§ **Exercise description**
Leaving out the pictures, please reproduce exactly and only the lines from the one that contains "當天活動的最后,舉行了蒙牛S" through the last line below.

§ **Information supplied**
---------------

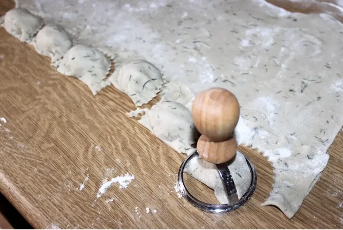 Zlep pierogi ręcznie lub użyj stempla do wykrawania.
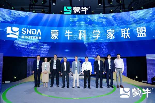 當天活動的最后,舉行了蒙牛SNDA科學家聯盟的簽約儀式。“SNDA”取自合成、營養、數字化、人工智能四個詞英文的首字母縮寫,表達了蒙牛期望突破專業壁壘,推動多學科創新生產力賦能營養健康行業創新研發與轉化的愿景。中國科學院院士李林、趙國屏、陳潤生、鄧子新等知名專家作為聯盟全球聯合發起人代表,與蒙牛集團副總裁、全球研發創新負責人溫永平一同上臺,為引領全球乳業未來的產品創新按下加速鍵。
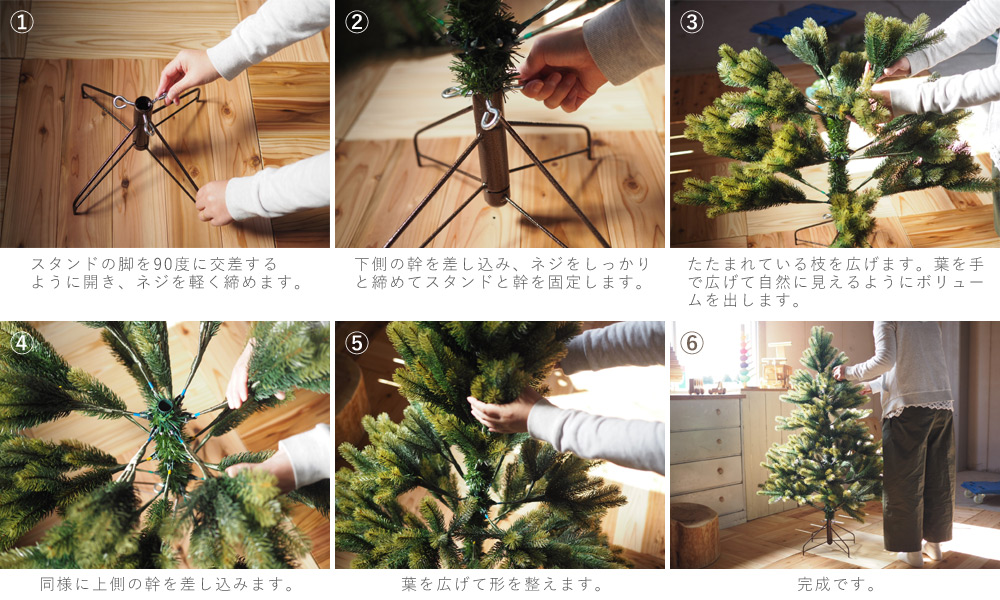 組み立ても簡単です。スタンドに分割された下部分のツリーの幹をはめ込んで、枝の形を整えて、残りの幹をはめ込んで、また枝の形を整えて完成です!10分ほどあれば完成します。
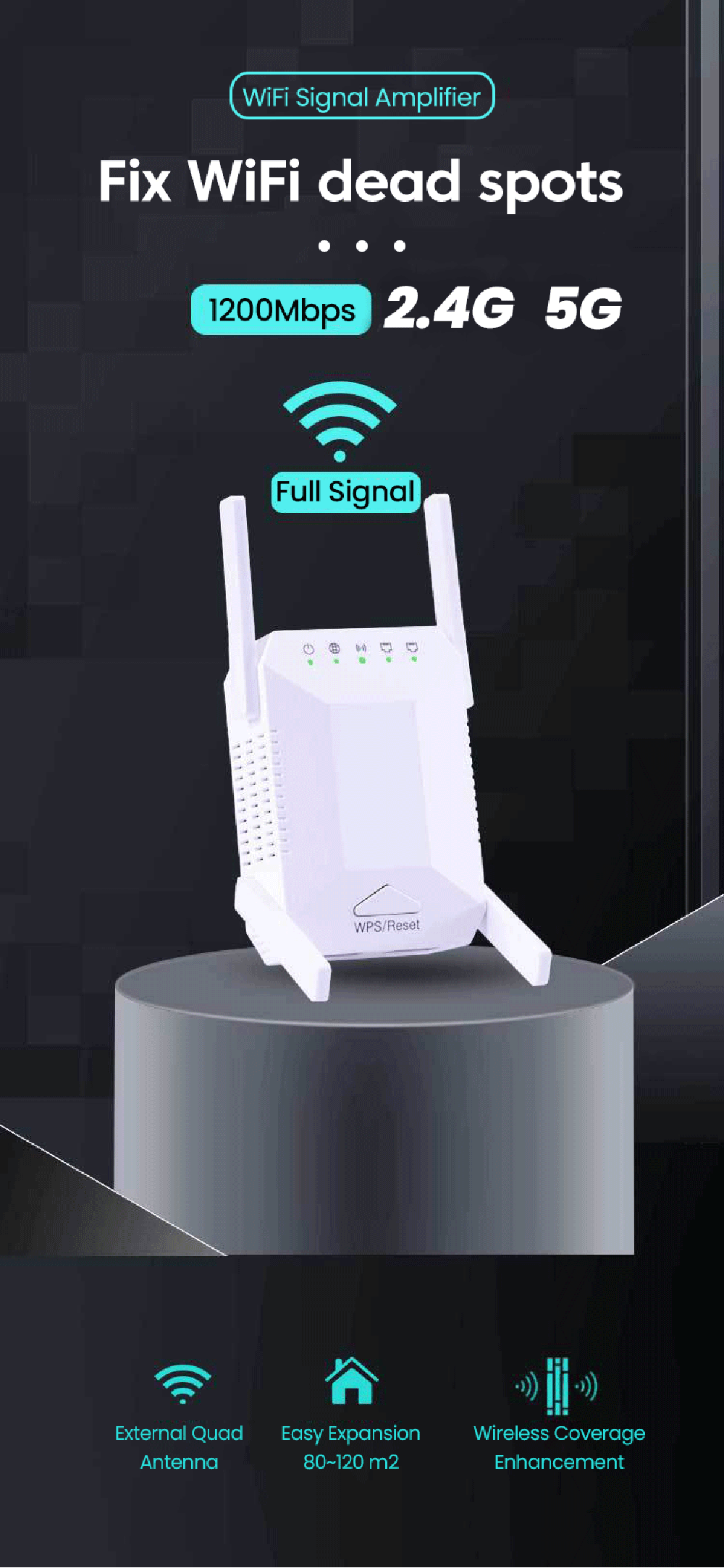 5GHz Wireless WiFi Repeater Wi Fi Booster Wireless Amplifier 1200 Mbps 5 ghz Signal Long Range Wi-Fi Extender

---------------

§ **The answer**
 當天活動的最后,舉行了蒙牛SNDA科學家聯盟的簽約儀式。“SNDA”取自合成、營養、數字化、人工智能四個詞英文的首字母縮寫,表達了蒙牛期望突破專業壁壘,推動多學科創新生產力賦能營養健康行業創新研發與轉化的愿景。中國科學院院士李林、趙國屏、陳潤生、鄧子新等知名專家作為聯盟全球聯合發起人代表,與蒙牛集團副總裁、全球研發創新負責人溫永平一同上臺,為引領全球乳業未來的產品創新按下加速鍵。
 組み立ても簡単です。スタンドに分割された下部分のツリーの幹をはめ込んで、枝の形を整えて、残りの幹をはめ込んで、また枝の形を整えて完成です!10分ほどあれば完成します。
 5GHz Wireless WiFi Repeater Wi Fi Booster Wireless Amplifier 1200 Mbps 5 ghz Signal Long Range Wi-Fi Extender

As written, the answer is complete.